Seems everyyear during spring time the shelter will have more intake animals, probably because that is the time the aniamls give birth, which will cause the increasing number of it.

In [None]:
plt.figure(figsize=(10,4))
df['movementtype'].groupby(df['movementdate']).count().plot(kind="line",alpha=.7)
plt.grid()
plt.show()

In [None]:
#For each outcome
monthGroup=df['movementdate'].groupby(df['movementtype'])

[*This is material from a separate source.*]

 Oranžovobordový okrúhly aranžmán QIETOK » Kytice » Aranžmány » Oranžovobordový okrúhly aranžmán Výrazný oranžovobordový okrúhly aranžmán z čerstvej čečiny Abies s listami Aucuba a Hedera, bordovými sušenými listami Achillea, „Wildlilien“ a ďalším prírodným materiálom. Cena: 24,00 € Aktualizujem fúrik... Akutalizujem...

plt.subplots(7, 1, figsize=(15,25), sharex=True)
plt.subplots_adjust(hspace=0.7)
colors = list('rgbcmyk')
for i, (_, g) in enumerate(monthGroup):
    plt.subplot(7,1,i+1)
    plt.title(_)
    g.groupby(df["movementdate"]).count().plot(kind="line", 
                                               color=colors[i],grid=True,alpha=.5)

In [None]:
#Monthly time series
df_ym=df.movementdate.map(lambda x: x.strftime('%Y-%m'))
df_ym_move = df_ym.groupby(df["movementtype"])

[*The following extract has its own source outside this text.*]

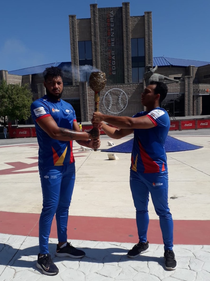 Posteriormente, la antorcha llegó al estadio de softbol Edgardo Schemel, donde se jugará este deporte desde el sábado 27 de noviembre. El fuego panamericano llegó en manos de las jugadoras de la selección Colombia de softbol femenino, Melany Jiménez y Sofía Reyes.
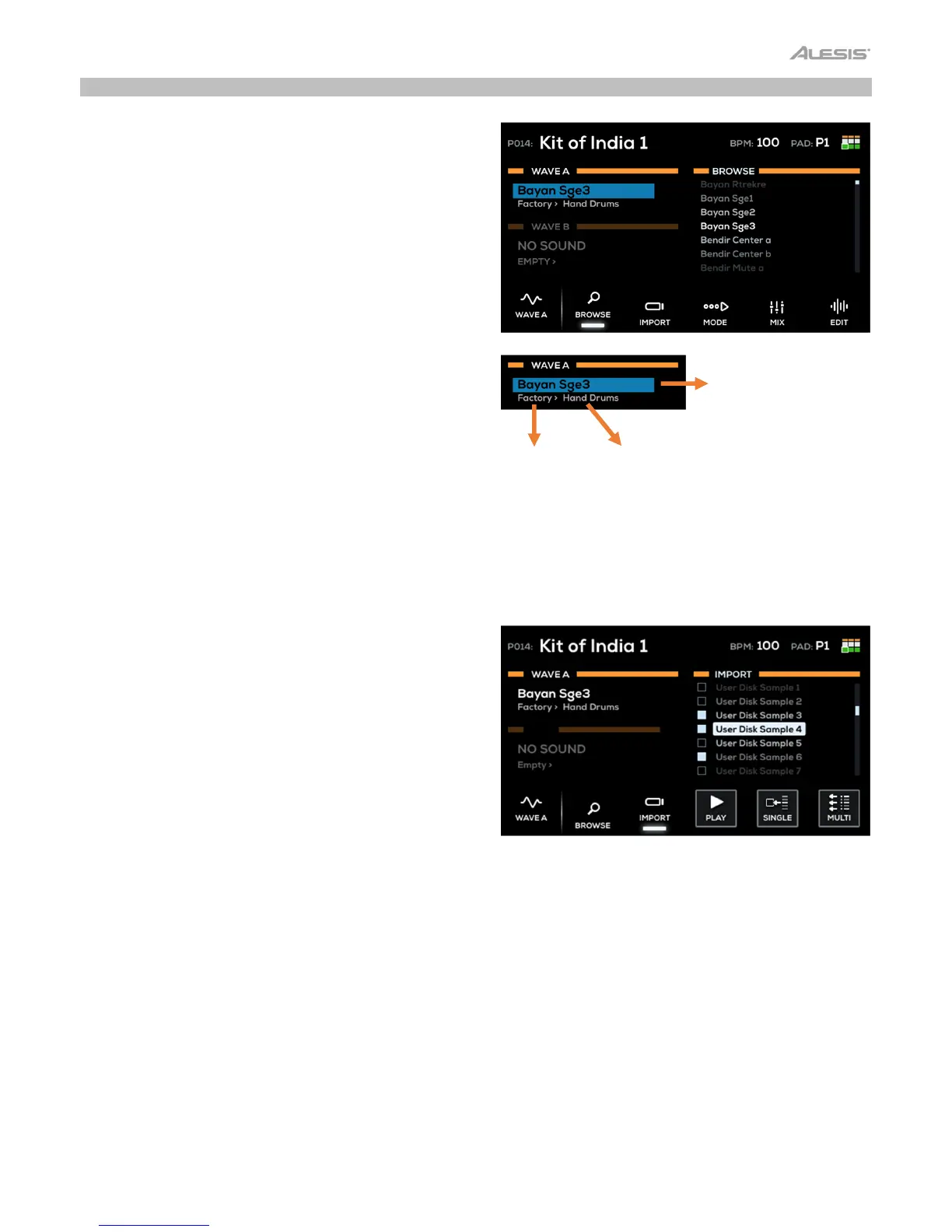Press the F3–Import button to import WAV files from a USB

plt.subplots(7, 1, figsize=(15, 25), sharex=True)
plt.subplots_adjust(hspace=0.7)
colors = list('rgbcmyk')
for i, (_, g) in enumerate(df_ym_move):
    plt.subplot(7,1,i+1)
    plt.title(_)
    g.groupby(df_ym).count().plot(kind="line", color=colors[i],
                                  grid=True,alpha=.5)

In [None]:
df_heat=df.drop(columns=['intakedate','movementdate','id','identichipnumber',
                         'animalname','animalage','returndate','returnedreason',
                         'deceaseddate','deceasedreason',
                        'year_take','month_take','day_take',
                        'year_move','month_move','day_move',
                        'diedoffshelter','isdoa'])

le_sp = preprocessing.LabelEncoder()
df_heat.speciesname = le_sp.fit_transform(df_heat.speciesname)

le_take = preprocessing.LabelEncoder()
df_heat.intakereason = le_take.fit_transform(df_heat.intakereason)

le_breed = preprocessing.LabelEncoder()
df_heat.breedname = le_breed.fit_transform(df_heat.breedname)

le_color = preprocessing.LabelEncoder()
df_heat.basecolour = le_color.fit_transform(df_heat.basecolour)

le_sex = preprocessing.LabelEncoder()
df_heat.sexname = le_sex.fit_transform(df_heat.sexname)

le_loc = preprocessing.LabelEncoder()
df_heat.location = le_loc.fit_transform(df_heat.location)

le_move = preprocessing.LabelEncoder()
df_heat.movementtype = le_move.fit_transform(df_heat.movementtype)

le_age = preprocessing.LabelEncoder()
df_heat.AgeCategory = le_age.fit_transform(df_heat.AgeCategory)

In [None]:
# Correlations to trip_duration
corr = df_heat.select_dtypes(include = ['float64', 'int64']).iloc[:, 1:].corr()
cor_dict = corr['movementtype'].to_dict()
del cor_dict['movementtype']
print("List the numerical features in decending order by their correlation with trip_duration:\n")
for ele in sorted(cor_dict.items(), key = lambda x: -abs(x[1])):
    print("{0}: {1}".format(*ele))
    
# Correlation matrix heatmap
corrmat = df_heat.corr()
plt.figure(figsize=(12, 7))

# Number of variables for heatmap
k = 50000
cols = corrmat.nlargest(k, 'movementtype')['movementtype'].index
cm = np.corrcoef(df_heat[cols].values.T)

# Generate mask for upper triangle
mask = np.zeros_like(cm, dtype=np.bool)
mask[np.triu_indices_from(mask)] = True

sns.set(font_scale=1)
sns.heatmap(cm, mask=mask, cbar=True, annot=True, square=True,\
                 fmt='.2f',annot_kws={'size': 12}, yticklabels=cols.values,\
                 xticklabels=cols.values, cmap = 'PuBu',lw = .1)

plt.show()

That actually is good, it means people will adopt animals regardless their age, breed etc things.